That’s according to the southeast Asian nation’s commerce ministry, which expects to increase pork output and boost exports to plug the gap left by producers from China to Vietnam.
Thai authorities are confident it can stop the virus from entering its borders, despite it infecting farms in neighbouring Cambodia.
“We see a good opportunity for Thailand to ship more pork and gain more market share in other countries,” Pimchanok Vonkorpon, the Commerce Ministry’s director general of trade policy and strategy, said in an interview near Bangkok.
Still, it may take some time for Thai producers to boost supply for exports, she added.
The spread of African swine fever in Asia has decimated pig herds in some of the world’s top pork-producing countries, and analysts are expecting a global protein shortage that could last for years.

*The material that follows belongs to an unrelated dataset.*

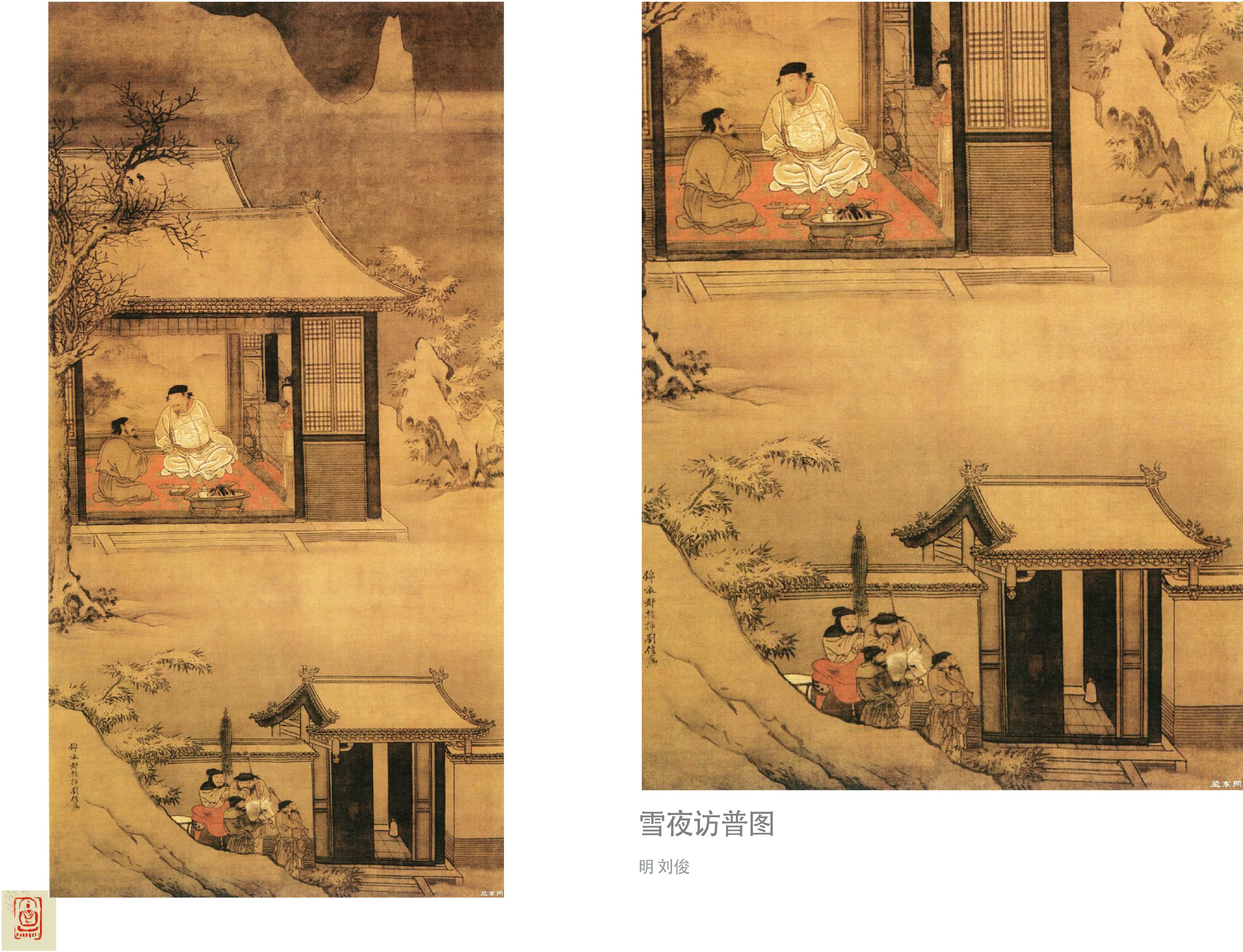 雪夜訪普圖也是從高至地的多點透視,從在室內(nèi)圍著爐火談?wù)搰掖笫碌内w匡胤和臣子趙普, 到院門外凍得瑟瑟發(fā)抖的隨從,以及屋瓦庭院, 都是按照視點的移位所作。

In Vietnam, which is one of the biggest per capita consumers of pork, authorities are encouraging hog farmers to switch to other livestock, while in China, demand for imports as well as alternative meats has risen as local pork prices rise.
Thailand produces more than 2 million hogs annually and exports about 40% of its live hogs to neighbouring countries, as well as frozen and processed pork.
The Commerce Ministry says its current export destinations are Cambodia, Hong Kong, Japan, Laos, Malaysia and Myanmar, and it is hoping to add Vietnam and China to the list.